I must be old fashioned, I just leave my phone in the pen tray in the center console, if I get a call or text the head unit picks it up and I can answer without picking up the phone, similarly if I use my phone as a Sat Nav the directions come through the head unit obviously no pictures but I can usually work it out from a voice telling me to go left or right. If I need a visual Sat Nav I use a dedicated device stuck onto the front quarter light window then its out of my direct line of sight as I find the windscreen already too small without any more obstructions.

bracket shown in the pictures looks Ok if that's what your after although with the new phones getting bigger I think that magnet is going to have to be really strong.


----------



## Moonwatcher (Apr 1, 2015)

david924s said:


> I must be old fashioned, I just leave my phone in the pen tray in the center console, if I get a call or text the head unit picks it up and I can answer without picking up the phone, similarly if I use my phone as a Sat Nav the directions come through the head unit obviously no pictures but I can usually work it out from a voice telling me to go left or right. If I need a visual Sat Nav I use a dedicated device stuck onto the front quarter light window then its out of my direct line of sight as I find the windscreen already too small without any more obstructions.
> 
> bracket shown in the pictures looks Ok if that's what your after although with the new phones getting bigger I think that magnet is going to have to be really strong.


I agree with the satnav reference, I don't need to look at the screen, just _listen_ to the directions


----------



## Mondo (Feb 20, 2009)

I never listen to the directions; the voices just piss me off. Personally I find it better to glance at the map, see which turnoff it wants me to take, and take it. Horses for courses of course.

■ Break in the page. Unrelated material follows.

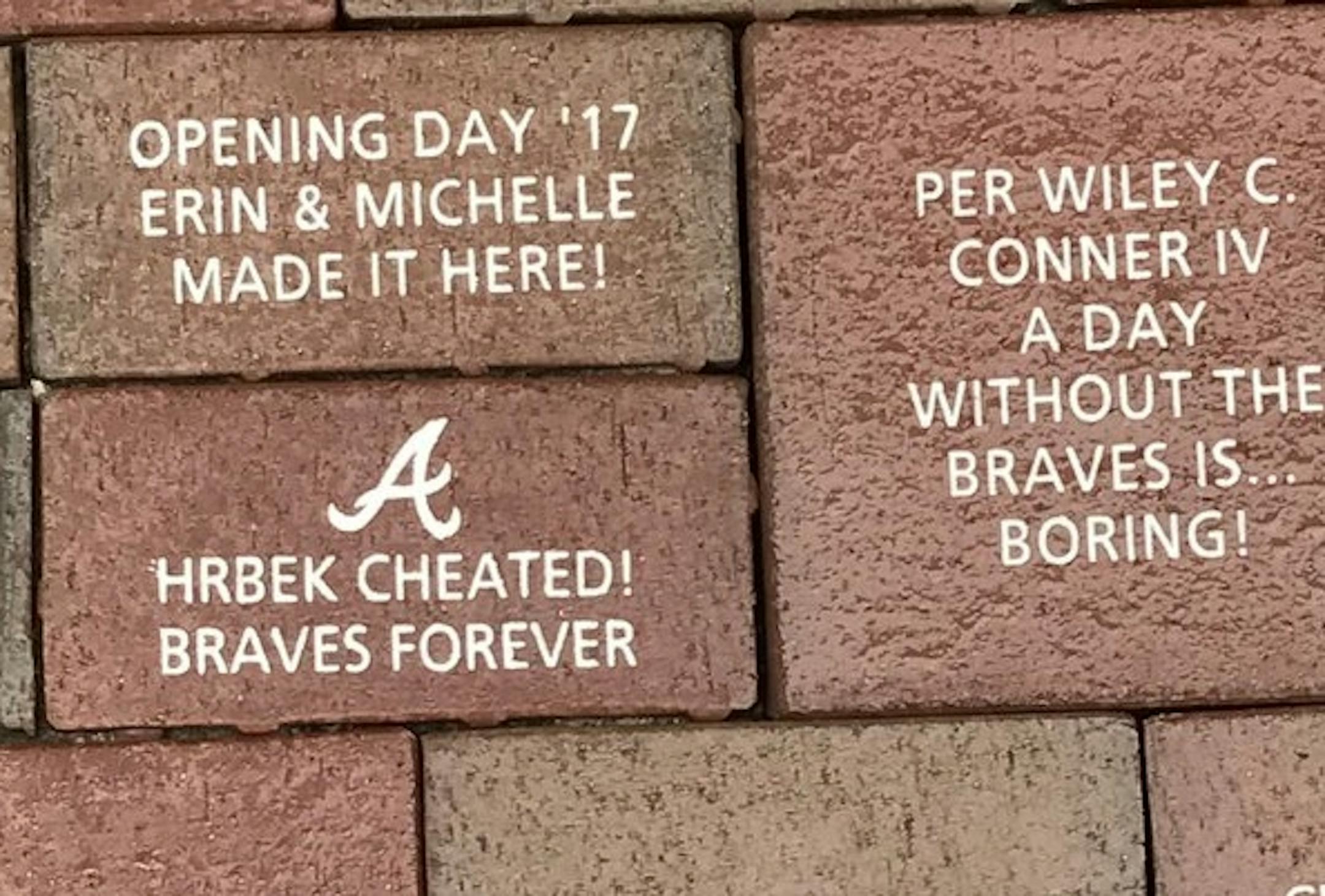 At the new Atlanta ballpark, they sell "Legacy Bricks" similar to the ones at U.S. Bank Stadium. And it seems one Braves fan with a long memory used his or her money wisely by purchasing a brick proclaiming, "Hrbek cheated! Braves forever" on it as a tribute to the Twins first baseman and his manhandling of Ron Gant in the 1991 World Series.

And yes, it was a Steve Schwing thing I got: viewtopic.php?f=2&t=538985&hilit=Imagnet&start=15

2nd page. Works great.


----------



## lukeaston (Sep 11, 2015)

Mondo said:


> I never listen to the directions; the voices just piss me off. Personally I find it better to glance at the map, see which turnoff it wants me to take, and take it. Horses for courses of course.
> 
> And yes, it was a Steve Schwing thing I got: viewtopic.php?f=2&t=538985&hilit=Imagnet&start=15
> 
> 2nd page. Works great.


Didn't know this existed i couldn't find anything decent over here, i never come on here made an account like 2 years ago but never came on, so i made some up they're cheap compared to what is out there, really high quality and they work


----------